Today I hacked ...

discussion of beeb/electron applications, languages, utils and educational s/w
duikkie
Posts: 2953
Joined: Fri Feb 07, 2014 3:28 pm
Contact:

Re: Today I hacked ...

Post by duikkie » Thu Jul 19, 2018 6:21 am

is this working on a real beeb ?
i don't have here a real bbc to test :(
duikkie wrote:
Wed Jul 18, 2018 4:04 pm
test this !

i am not a player . how to move in this game ?

i have to lose !boot. because the disc is full

changed program menu

you need to do

pa.=&2200
ch."menu"
do not know about the ?&8f=127 ???

try it ? see test

duikkie wrote:
Mon Jul 16, 2018 7:16 am
i think if you add *lo. hack 900 to menu program then it will work oke ?

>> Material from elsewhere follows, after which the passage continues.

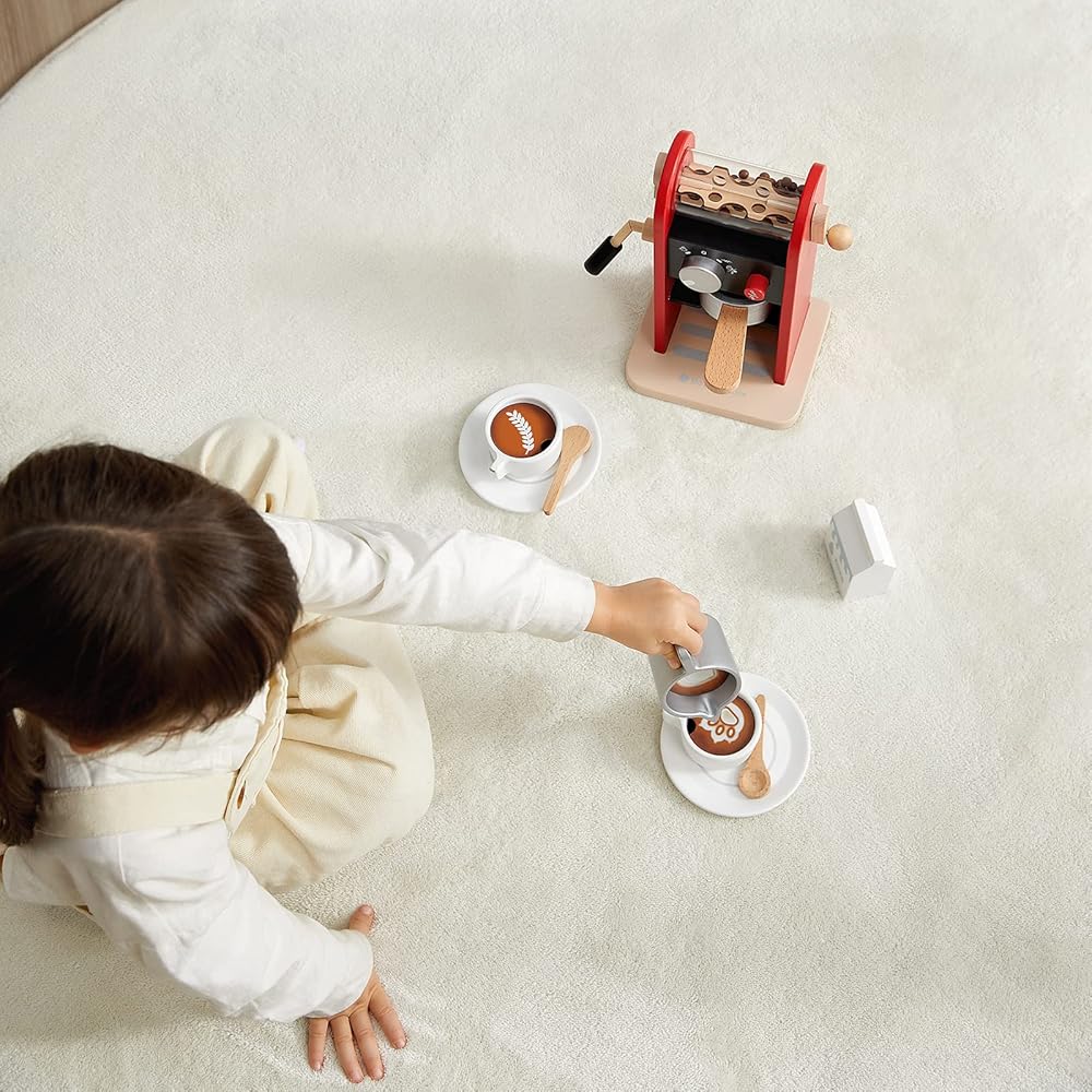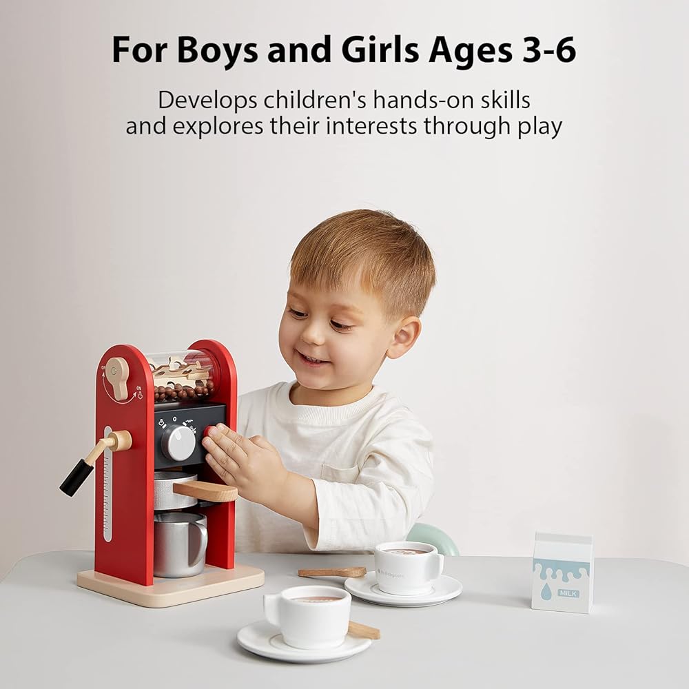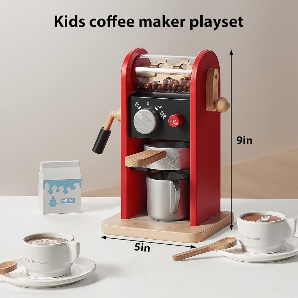 مجموعة ألعاب صانع القهوة الخشبية من بي سي بيبي كير، مجموعة ألعاب واقعية للأطفال من سن 3 إلى 6 سنوات، هدية للأولاد والبنات، هدية إكسسوارات المطبخ، باللون الأحمر

*save "hack" 900 +200 900 900

duikkie
Posts: 2953
Joined: Fri Feb 07, 2014 3:28 pm
Contact:

Re: Today I hacked ...

Post by duikkie » Thu Jul 19, 2018 2:35 pm

oke test2.ssd
almost what the programmers had in mind

the menu is allso the begin screen :shock:

the *exec !boot and load menu till line 850
if you delete every think after that there is more room

the ?&8f=127 i know understand
the second time it is ?&8f=0
and the hole menu is loaded :)

still not sure if you can play ?
Attachments
Test2.ssd
(112.5 KiB) Downloaded 6 times
Last edited by duikkie on Thu Jul 19, 2018 2:36 pm, edited 1 time in total.

duikkie
Posts: 2953
Joined: Fri Feb 07, 2014 3:28 pm
Contact:

Re: Today I hacked ...

Post by duikkie » Sun Jul 22, 2018 7:03 pm

oke this is the fix

still not sure if it runs oke ?

too hot to try ?

i have changed !boot

in menu part line 1 to 480 (first part)
del line 20 and 80

this program is now &1e8 big

loaded at 1900 normale

put a up loader at &2100

the hack part at &2200 to &2400

first download hack from &2200 to &900
then upload "menu" from &1900 to &2200
zet pa.=&2200:old:run

so simple :)
Attachments
fixolympics.ssd
(95 KiB) Downloaded 6 times

User avatar
billcarr2005
Posts: 1358
Joined: Fri Sep 09, 2005 3:01 pm
Location: UK
Contact:

Re: Today I hacked ...

Post by billcarr2005 » Mon Jul 23, 2018 4:54 am

duikkie wrote:
Sun Jul 22, 2018 7:03 pm
oke this is the fix

still not sure if it runs oke ?

too hot to try ?
As Col wrote here, there's already a fully working version (not that another version / method can hurt!)
viewtopic.php?f=2&t=9061&start=60#p208824

The "hack" part is stored in !BOOT, then relocated and everything continues as it does on the original disk, in the same way, at the same time, except the data isn't coming from the "bad" track. Nothing else needs to get modified!

duikkie
Posts: 2953
Joined: Fri Feb 07, 2014 3:28 pm
Contact:

Re: Today I hacked ...

Post by duikkie » Mon Jul 23, 2018 5:45 am

oke :)

it is hot , and i am an old man. maybe that is the reason
i do not read every thing that is written :) ??

billcarr2005 wrote:
Mon Jul 23, 2018 4:54 am
duikkie wrote:
Sun Jul 22, 2018 7:03 pm
oke this is the fix

still not sure if it runs oke ?

too hot to try ?
As Col wrote here, there's already a fully working version (not that another version / method can hurt!)
viewtopic.php?f=2&t=9061&start=60#p208824

The "hack" part is stored in !BOOT, then relocated and everything continues as it does on the original disk, in the same way, at the same time, except the data isn't coming from the "bad" track. Nothing else needs to get modified!

duikkie
Posts: 2953
Joined: Fri Feb 07, 2014 3:28 pm
Contact:

Re: Today I hacked ...

Post by duikkie » Wed Jul 25, 2018 2:43 pm

oke know how it is done :)

the m code with !boot reads every time track 1 sector 0 , because all sectors are 0 :)
now how to get every sector 0 in memory &2000 ... &2a00 it is timing.
riscky but that is why i do not work on every dfs.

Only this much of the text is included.